UNITED STATES DISTRICT COURT FOR THE DISTRICT OF SOUTH CAROLINA CHARLESTON DIVISION
Jul 8, 2016
C/A No. 2:15-CV-2009-RMG-MGB (D.S.C. Jul. 8, 2016)

Opinion

C/A No. 2:15-CV-2009-RMG-MGB

07-08-2016

United States of America, PLAINTIFF, v. Eugene Milford, DEFENDANT.


REPORT AND RECOMMENDATION

The United States of America brought this action against Eugene Milford, appearing pro se, to collect student loan debt. Defendant Milford counter-claimed alleging numerous claims against the United States of America. (Dkt. No. 21.) This matter is before the court on Plaintiff's Notice and Motion for Summary Judgment (Dkt. No. 26) and the Defendant's Motion for Summary Judgment. (Dkt. No. 29.) Pursuant to the provisions of Title 28, United States Code, Section 636(b)(1) and Local Rule 73.02(B)(2)(e), D.S.C., all pretrial matters in cases involving pro se litigants are referred to a United States Magistrate Judge for consideration. For the reasons stated herein, the undersigned recommends the Plaintiff's Motion for Summary Judgment (Dkt. No. 26) be granted and the Defendant's Motion for Summary Judgment. (Dkt. No. 29) be denied.

PLAINTIFF'S CLAIM

The Plaintiff's claim is a straight-forward collection action on a promissory note ("note") signed by the Defendant on April 20, 1999. (Dkt. No. 36-2.) Under the terms of the note, the Defendant was disbursed $34,266.58 between May 3, 1999, and May 4, 1999, and $28,141.60 between May 4, 1999, and May 25, 1999 at a variable interest rate to be determined annually. (26-2 at 1.) Following demand of payment, the Defendant defaulted on the loan on March 25, 2005. (Id.) The Plaintiff has credited $7,113.61 in payments to the loan from all sources including treasury offsets. (Id.) The Plaintiff alleges that the Defendant owes a principal balance of $74,758.08 and interest in the amount of $30,604.93 as of March 20, 2015. (Id.) The total amount owed as of March 20, 2015, was $105,363.01. (Id.) The interest continued to accrue at a current rate of 2.33% and a daily rate of $4.77 through June 30, 2015, at which time the interest rate may change under 20 U.S.C. 1087e. (Id.)
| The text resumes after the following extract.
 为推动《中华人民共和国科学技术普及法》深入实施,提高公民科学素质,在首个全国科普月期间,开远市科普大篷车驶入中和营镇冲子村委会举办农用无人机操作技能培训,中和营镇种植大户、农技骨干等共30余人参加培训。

The note was issued under the William D. Ford Federal Direct Loan Program, which is authorized by Title IV, Part D of the Higher Education Act of 1965, as amended ("HEA"), 20 U.S.C. § 1087a et seq. Under the Direct Loan Program, the Department of Education makes loans directly to borrowers, who repay the loans directly to the Department. 20 U.S.C. § 1087a et seq.

DEFENDANT'S CLAIMS

The Defendant filed an amended counter-claim and answer on August 13, 2015. (Dkt. No. 21.) The Defendant alleges many detailed facts relating to a guilty plea he entered in Sumter County, South Carolina on February 5, 1990. (Id.) The Defendant alleges facts attacking his subsequent Post Conviction Relief ("PCR") proceedings that occurred in October of 1993. (Id.) The Defendant alleges he attended the Columbia University School of Social Work and the Bank Street College of Education in the mid-1990's and graduated with dual master's degrees in social work and education. (Id.) The Defendant alleges that on April 26, 1999, he received a letter from the Plaintiff stating, "Since we haven't heard from you, we assume you are no longer interested in a Direct Consolidation Student Loan, and we have cancelled your loan application." (Id.; see also 21-1 at 1.)
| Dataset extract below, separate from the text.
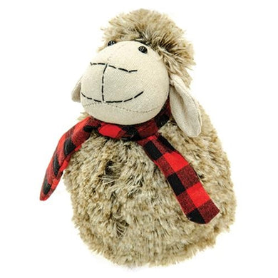 Plush Furry Sheep w/Red & Black Plaid Scarf Large

The Defendant alleges that in 2002 he was injured while on the job and was denied immediate compensation from a worker's compensation claim in New York. (Dkt. No. 21.) He later alleges that he received full compensation from this claim. He alleges that he went through Chapter 13 bankruptcy in Maryland on November 15, 2002, and that the note "should have been discharged." (Id. at 2.)
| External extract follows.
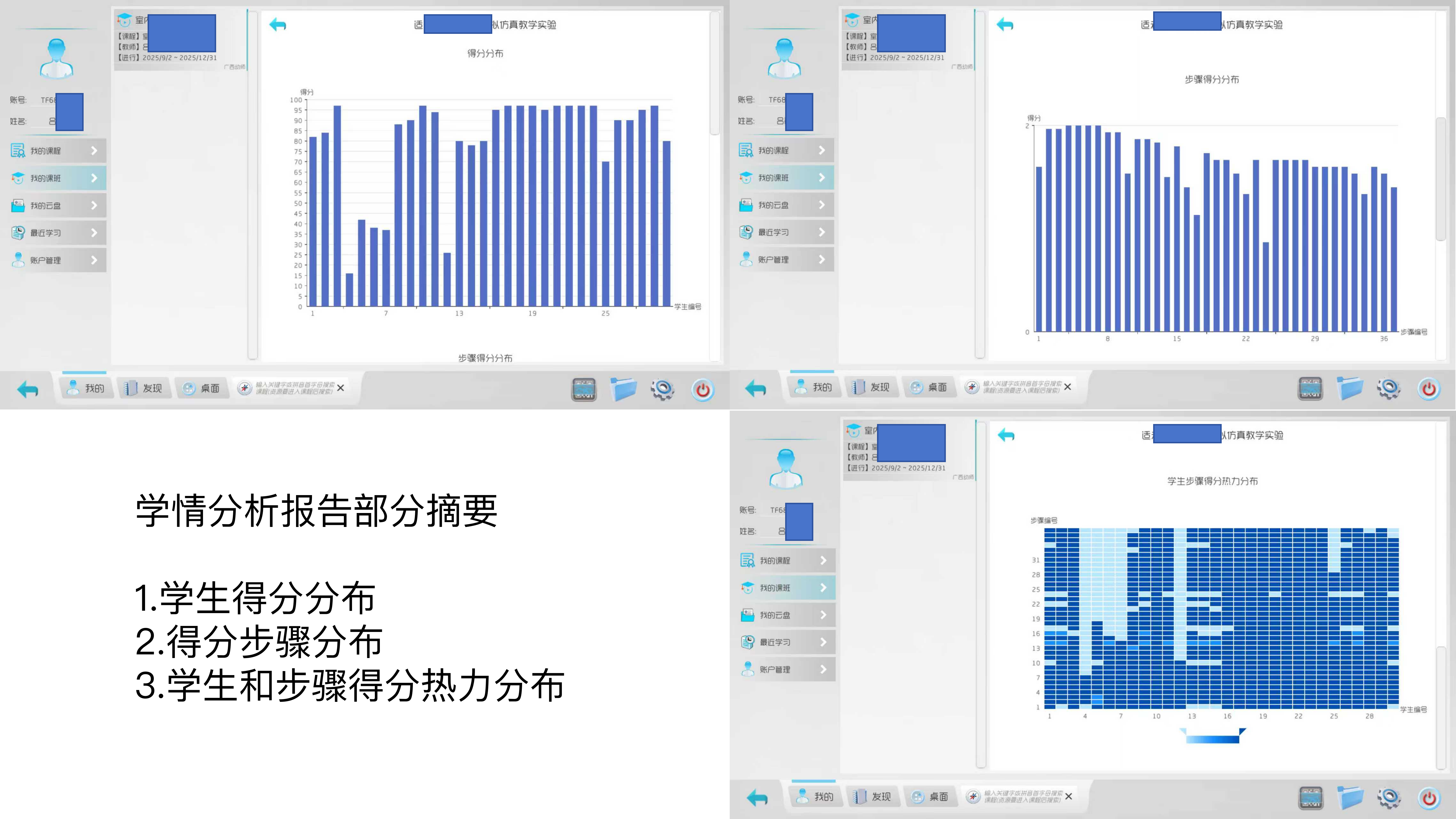 2.学情分析报告:系统自动生成智能学情分析报告,分析学生技能操作数据,输出可视化报告,帮助教师实时排查学习状态。

The Defendant alleges that on August 15, 2011, the Defendant was notified by the Plaintiff that the Department of the Treasury would offset any money the Defendant was owed by government until the loan was paid. (Dkt. No. 21 at 3.) The Defendant hired an attorney to challenge the note. (Id.) The parties attempted to mediate the dispute but the Defendant could not comply with any of the settlement terms offered by the Plaintiff. (Id.)

The Defendant alleges he appeared before the "South Carolina Full Education Board for an Educator Certification in Special Education in Emotional Disabilities" on May 8, 2013. (Dkt. No. 21 at 3.) The Board approved a motion to deny his application (presumably for employment). (Id. at 3-4.)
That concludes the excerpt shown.